(Stored entries)

######

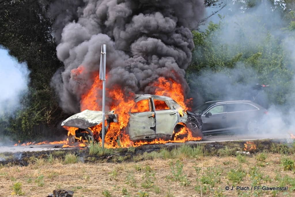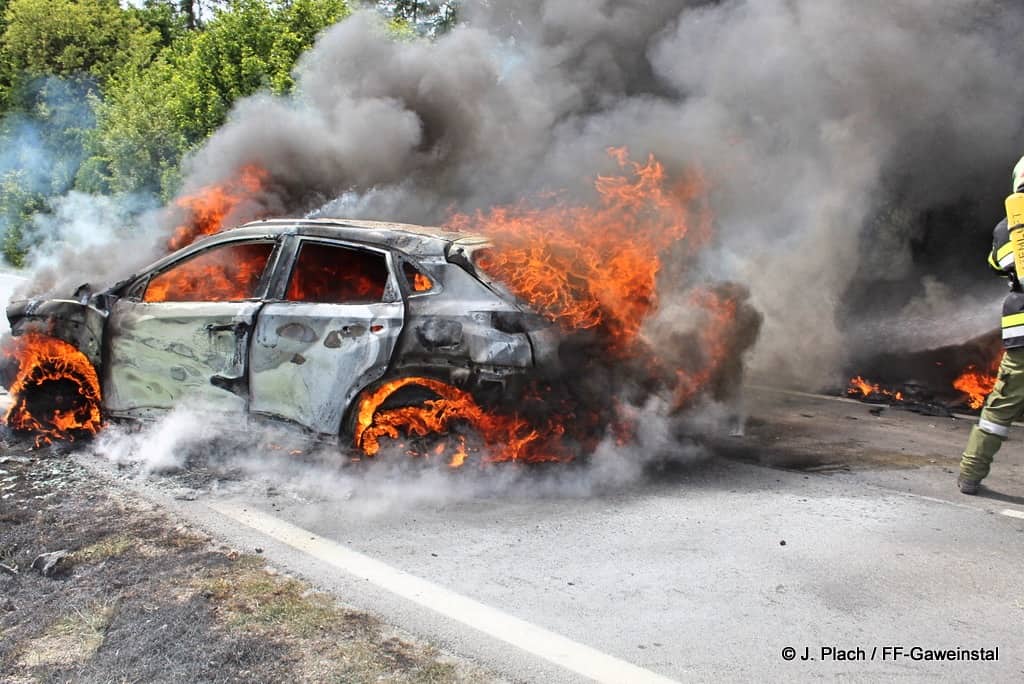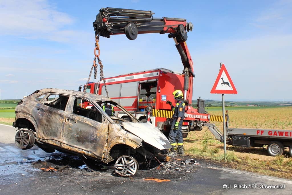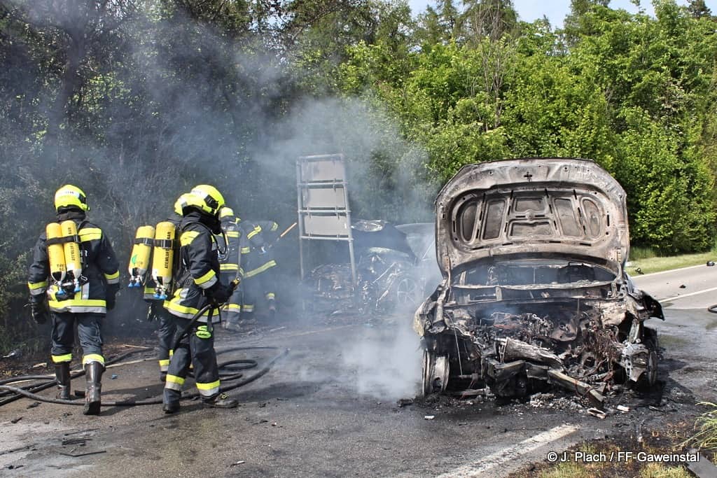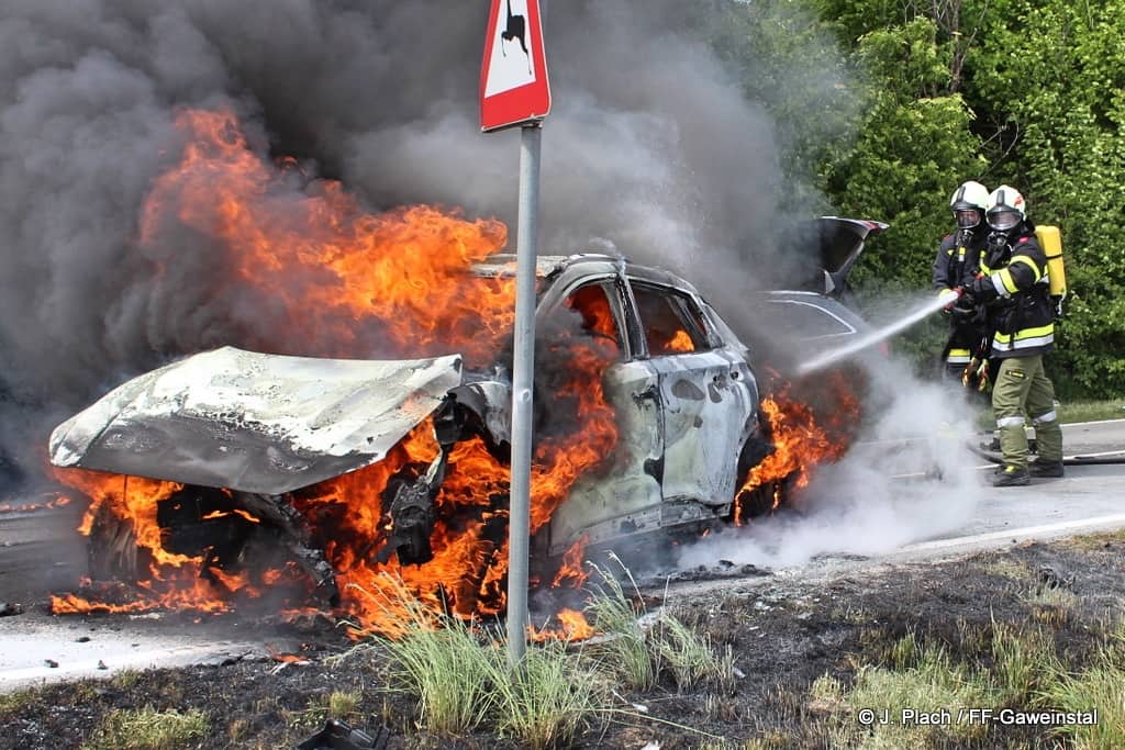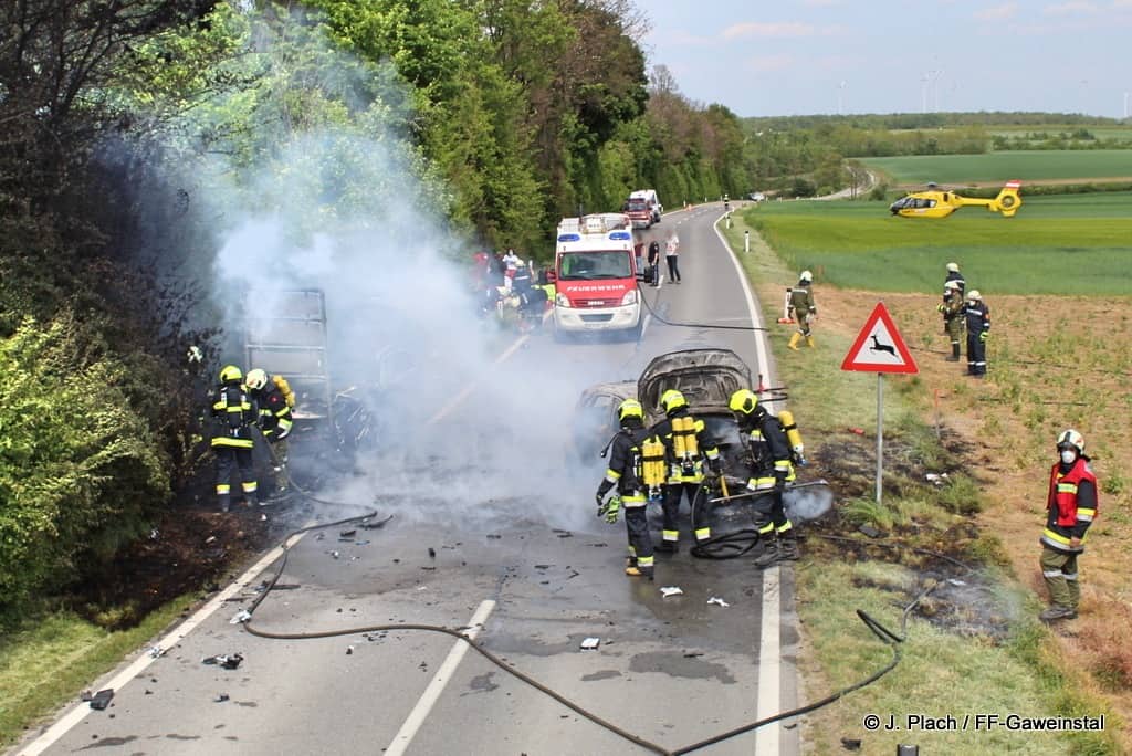 Am Samstag, den 9.5.2020 wurden die Feuerwehren Gaweinstal, Atzelsdorf, Höbersbrunn, Pellendorf und Ladendorf mittels Sirene zu einem Fahrzeugbrand auf die Verbindungsstraße Neubau – Paasdorf (L10 / L6) alarmiert.
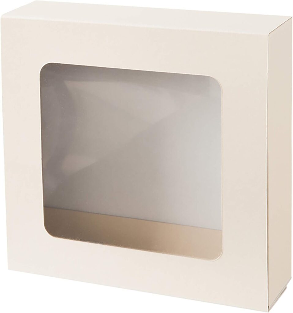 - フタの部分に大きな窓のついた、身ふた一体型のギフトボックスで、透明度の高いPET素材の大きな窓から中身がきれいに見えます。
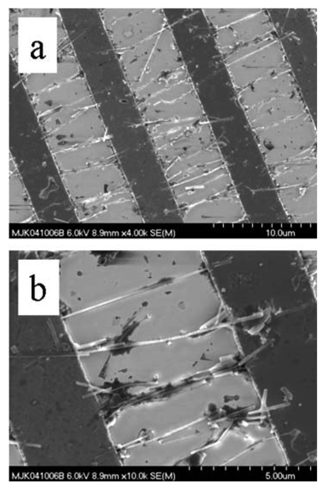 Basically, a suspension of nanowires was applied to the pattern and allowed to dry naturally. Dispersions were observed to be reasonably homogeneous without clumping. The drying process did not appear to redistribute the material, a fact attributed to the hydrophilic nature of the oxide nanowires and substrate. Hydrogen bonding likely occurred between both materials given both oxide surfaces are populated by hydroxyl groups. Electrical continuity was established by multiple bridging nanowires.
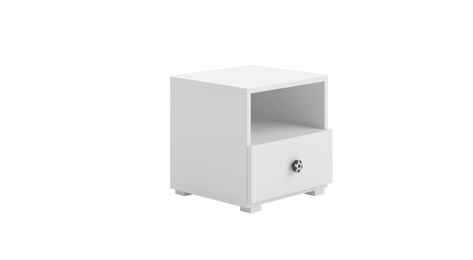 Noćni ormarić EMI dizajniran je imajući na umu udobnost i funkcionalnost. Opremljen praktičnom ladicom, omogućuje pohranu malih predmeta poput knjiga, igračaka ili pribora, čime pomaže u održavanju urednosti. Čvrsta konstrukcija od laminirane ploče za namještaj osigurava izdržljivost i otpornost na svakodnevnu upotrebu. Kao dodatni bonus, možete odabrati ručku u boji, što omogućuje da se ormarić uskladi sa stilom sobe i uvodi element personalizacije koji djeca vole.
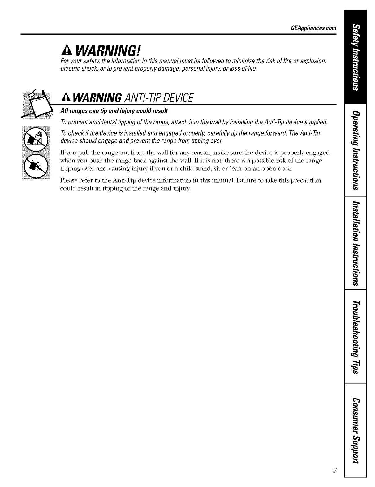 Please refer m the Anti-Tip device information ill this manual. Failure m take this piecaution
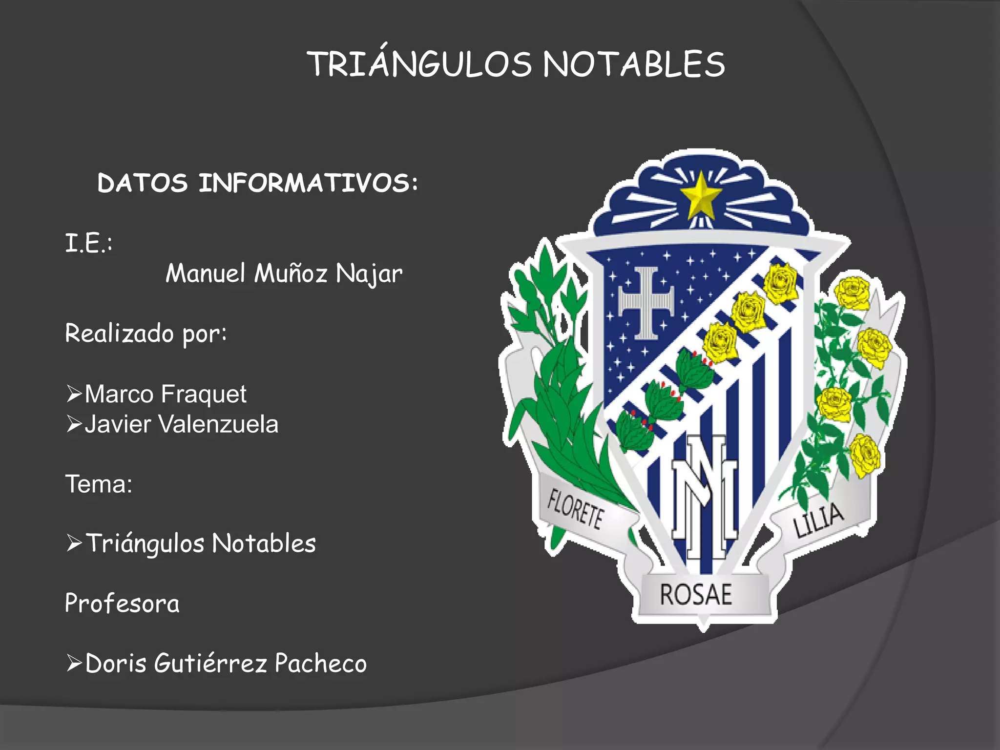 Este documento presenta información sobre triángulos notables. Explica que los triángulos notables son triángulos rectángulos cuyos lados tienen relaciones de números enteros o irracionales. Describe varios triángulos notables comunes como el triángulo de 45-45 y el triángulo de 30-60. Incluye ejemplos de cómo usar los triángulos notables para resolver problemas.
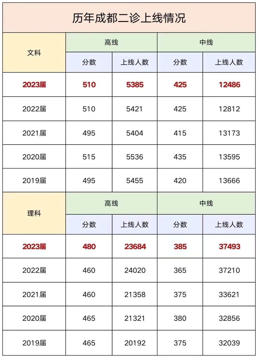 二诊的成绩往往比较接近高考成绩,大多数人会将二诊的成绩作为高考分数的参考。所以往年的分数线也有一定的参考价值,下面我们汇总了2019-2023年成都二诊分数线以及上线率,一起来看看:
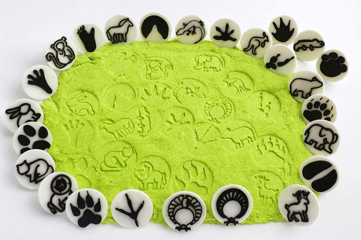 PLA razítka jsou lehká, ideálně velká a dobře se s nimi pracuje. Vyzkoušet můžete použití různé síly při obtiskování do modelíny či hlíny. Pokaždé tak můžete vytvořit jiné scény a vzorky na modelovací hmotě nebo v kinetickém písku.
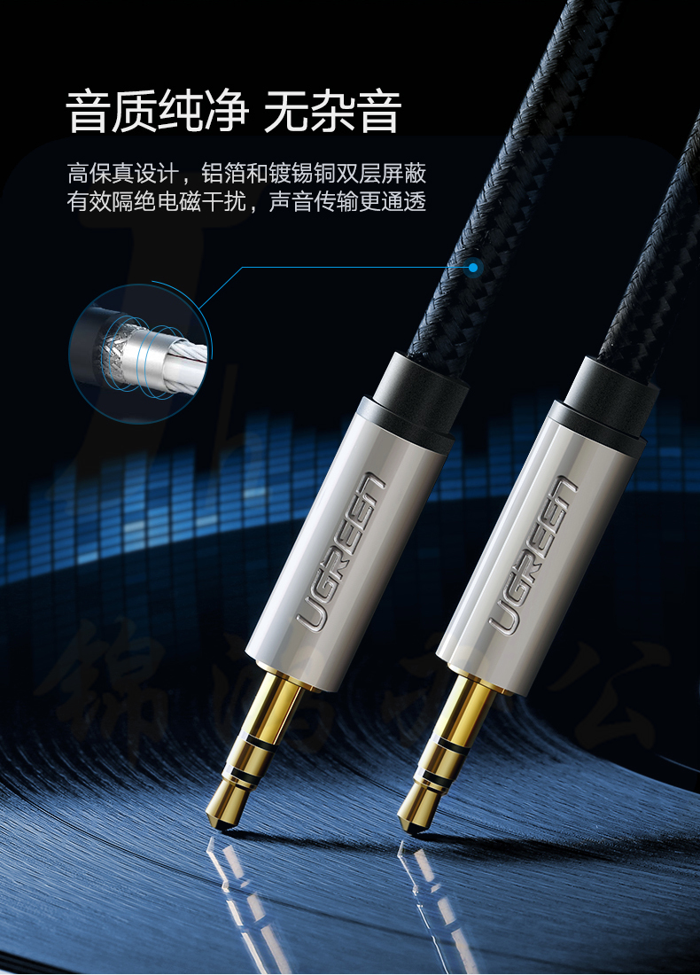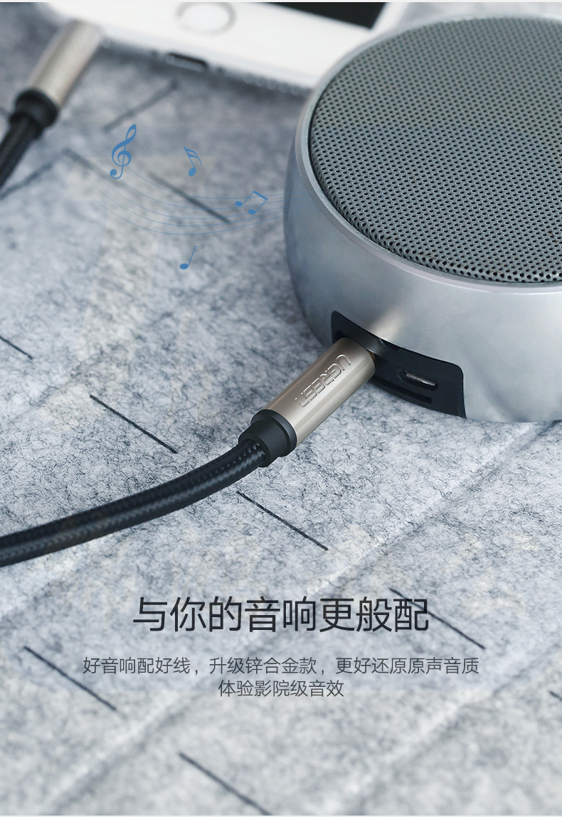 绿联 镀银AUX车用立体声音频线 3.5mm公对公车载连接线手机笔记本接音响功放 耳机电脑对录线 黑色-棉网编织 10米
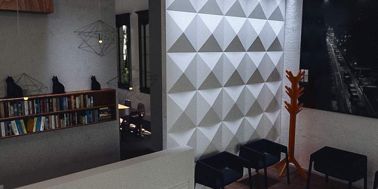 Коллекция ZOOM X4 — это многократно увеличенный популярный декор 3D-панелей ZOOM, вместо 16 геометрически идеальных пирамид дизайнеры разместили одну объемную пирамиду, дополнительно увеличив высоту рельефа на 10 мм. Такое эффектное решение придется по душе всем ценителям яркого дизайна, привлекающего внимание с первого взгляда. Гипсовые панели подойдут для отделки стен в просторных помещениях, от приемной зоны в крупной компании до лекториев и читальных залов. Декор гармонично сочетается с большинством современных стилей, в том числе конструктивизмом и минимализмом, а для еще большего акцента на объемности геометрического узора достаточно добавить подсветку.
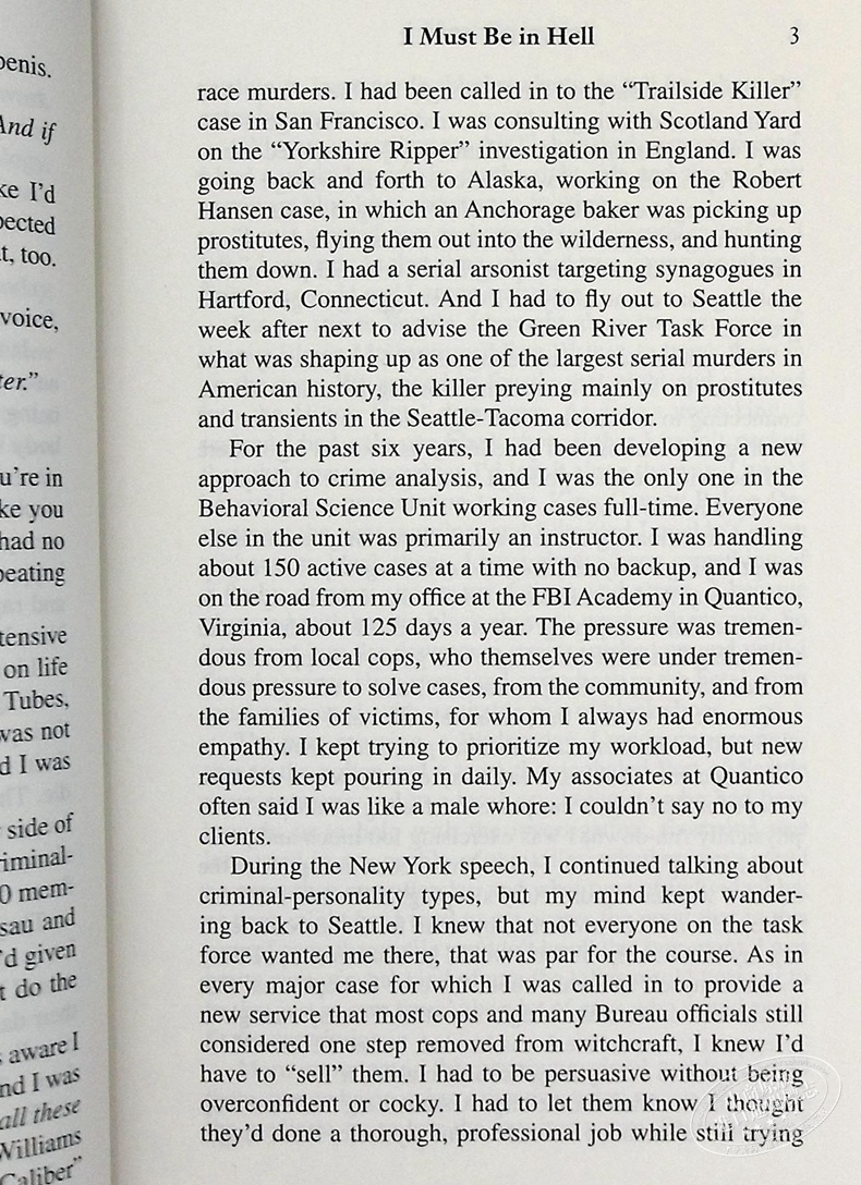 自文明开创以来,每一件骇人听闻的犯罪案件无不牵涉到这样一个冷酷的基本问题。把自己摆在这些家伙的位置,抑或揣摩他们的心理活动,从来就不是一件容易的事情,也根本不好玩。不过,这就是我和我的同事们不得已而为之的事情。我们在犯罪现场看到的每一样东西都使我们对那个作案者有所了解,通过尽可能广泛地研究各类案件并与凶手本人交谈,我们学会了破译那些线索,就像医生评估不同的症状以诊断病情。在联邦调查局的调查支援科,我们所从事的这些侧写和犯罪现场分析,就是要试图解答这一问题。
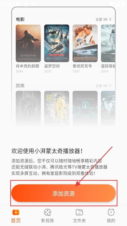 进入小湃蒙太奇播放器的首页,能看到电影和剧集推荐,点击【添加资源】按钮,就可以添加本地或者网盘等存储资源,从而畅享更多内容。

######

## TASK DESCRIPTION:
Exactly the lines from the line containing "PLA razítka jsou" to the end of the records need to be copied, both ends included, with pictures left out.

## SOLUTION TO THE PROBLEM:
 PLA razítka jsou lehká, ideálně velká a dobře se s nimi pracuje. Vyzkoušet můžete použití různé síly při obtiskování do modelíny či hlíny. Pokaždé tak můžete vytvořit jiné scény a vzorky na modelovací hmotě nebo v kinetickém písku.
 绿联 镀银AUX车用立体声音频线 3.5mm公对公车载连接线手机笔记本接音响功放 耳机电脑对录线 黑色-棉网编织 10米
 Коллекция ZOOM X4 — это многократно увеличенный популярный декор 3D-панелей ZOOM, вместо 16 геометрически идеальных пирамид дизайнеры разместили одну объемную пирамиду, дополнительно увеличив высоту рельефа на 10 мм. Такое эффектное решение придется по душе всем ценителям яркого дизайна, привлекающего внимание с первого взгляда. Гипсовые панели подойдут для отделки стен в просторных помещениях, от приемной зоны в крупной компании до лекториев и читальных залов. Декор гармонично сочетается с большинством современных стилей, в том числе конструктивизмом и минимализмом, а для еще большего акцента на объемности геометрического узора достаточно добавить подсветку.
 自文明开创以来,每一件骇人听闻的犯罪案件无不牵涉到这样一个冷酷的基本问题。把自己摆在这些家伙的位置,抑或揣摩他们的心理活动,从来就不是一件容易的事情,也根本不好玩。不过,这就是我和我的同事们不得已而为之的事情。我们在犯罪现场看到的每一样东西都使我们对那个作案者有所了解,通过尽可能广泛地研究各类案件并与凶手本人交谈,我们学会了破译那些线索,就像医生评估不同的症状以诊断病情。在联邦调查局的调查支援科,我们所从事的这些侧写和犯罪现场分析,就是要试图解答这一问题。
 进入小湃蒙太奇播放器的首页,能看到电影和剧集推荐,点击【添加资源】按钮,就可以添加本地或者网盘等存储资源,从而畅享更多内容。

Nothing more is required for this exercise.